Cocaine affects your emotions. Using cocaine can make you feel paranoid, angry, hostile, and anxious, even when you’re not high.

Cocaine is addictive. Cocaine interferes with the way your brain processes chemicals that create feelings of pleasure, so you need more and more of the drug just to feel normal. People who become addicted to cocaine start to lose interest in other areas of their life, like school, friends, and sports.

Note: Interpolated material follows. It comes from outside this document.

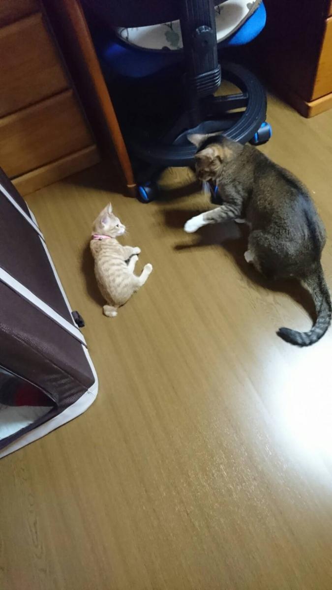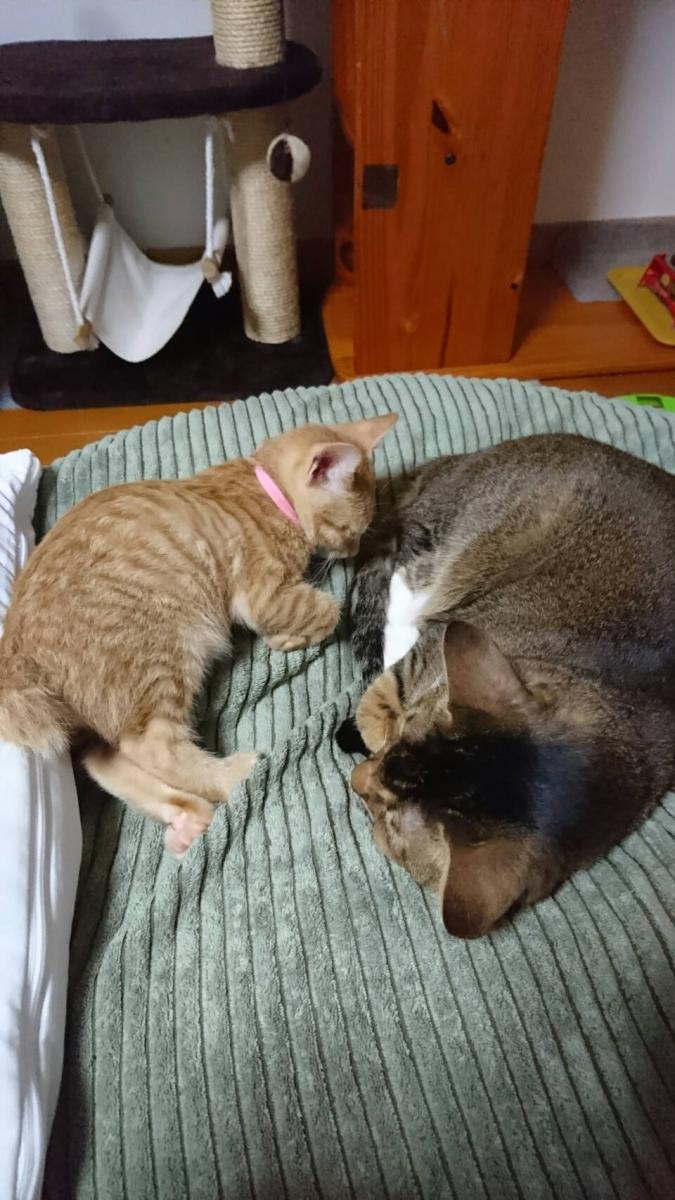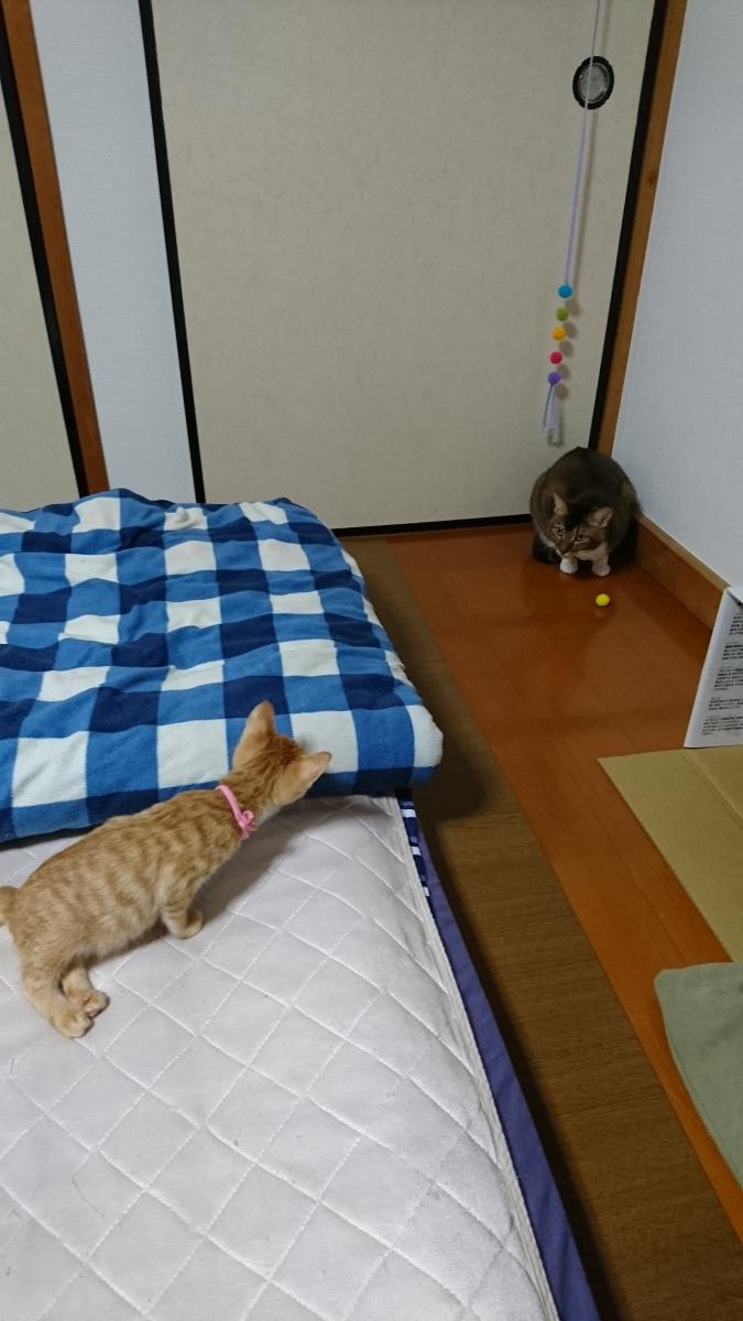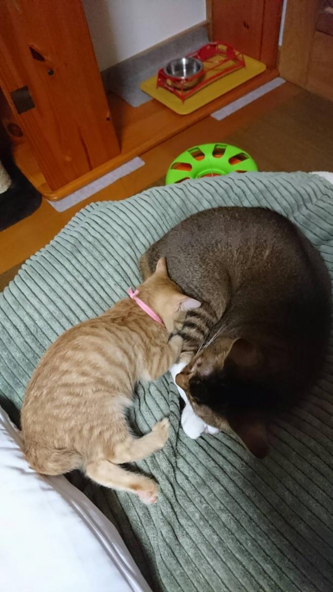 りんたら、まめ姉のももをかぷかぷしてしまい、まめはだいぶ我慢してくれてましたが、、、もーいやっ!って感じで逃げていってしまいましたっ!
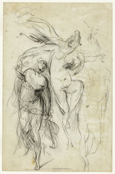 Federico Barocci made this drawing, "The Descent from the Cross," using chalk and graphite on blue paper. The texture of the paper itself is quite visible; it has a tactile quality that contrasts with the ethereal scene Barocci is depicting. The blue creates an atmospheric depth, against which the figures are sketched, giving them an almost ghostly presence. You can see the artist's hand at work in the layering of chalk and graphite, building form and volume with loose, expressive strokes. This emphasis on the material and the process invites us to consider how the artist’s labor, and his skill in manipulating these materials, shapes our experience of the sacred. The drawing has a raw, unfinished quality which reminds us of the hours of work involved in creating an artwork. This contrasts with the polished finesse we often associate with the High Renaissance. By drawing our attention to the materials and methods, Barocci bridges the gap between the artist's studio and the divine narrative.

Cocaine can kill you. Cocaine use can cause heart attacks, seizures, strokes, and respiratory failure. People who share needles can also contract hepatitis, HIV/AIDS, or other diseases.

BEFORE YOU RISK IT
Know the law. Cocaine-in any form-is illegal.

Stay informed. Even first-time cocaine users can have seizures or fatal heart attacks.

Know the risks. Combining cocaine with other drugs or alcohol is extremely dangerous. The effects of one drug can magnify the effects of another, and mixing substances can be deadly.

Be aware. Cocaine is expensive. Regular users can spend hundreds and even thousands of dollars on cocaine each week and some will do anything to support their addiction.

Stay in control. Cocaine impairs your judgment which may lead to unwise decisions around sexual activity. This can increase your risk for HIV/AIDS and other diseases, as well as rape and unplanned pregnancy.

KNOW THE SIGNS
How can you tell if a friend is using cocaine? Sometimes it’s tough to tell. But there are signs you can look for. If your friend has one or more of the following warning signs, he or she may be using cocaine or other illicit drugs:

Red, bloodshot eyes
A runny nose or frequently sniffing
A change in eating or sleeping patterns
A change in groups of friends
A change in behavior
Acting withdrawn, depressed, tired, or careless about personal appearance
Losing interest in school, family, or activities he or she used to enjoy
Frequently needing money
What can you do to help someone who is using cocaine? Be a real friend. Save a life. Encourage your friend to stop or seek professional help. For information and referrals, call the National Clearinghouse for Alcohol and Drug Information at 800-729-6686.

Q&A

Q. Is cocaine really still a problem?
A. Yes. While the number of cocaine users has decreased from what was witnessed in the mid-1980′s, there have been nearly 2 million cocaine users every year since 1992.

Q. Isn’t crack less addictive than cocaine because it doesn’t stay in your body very long?
A. No. Both cocaine and crack are powerfully addictive. The length of time it stays in your body doesn’t change that.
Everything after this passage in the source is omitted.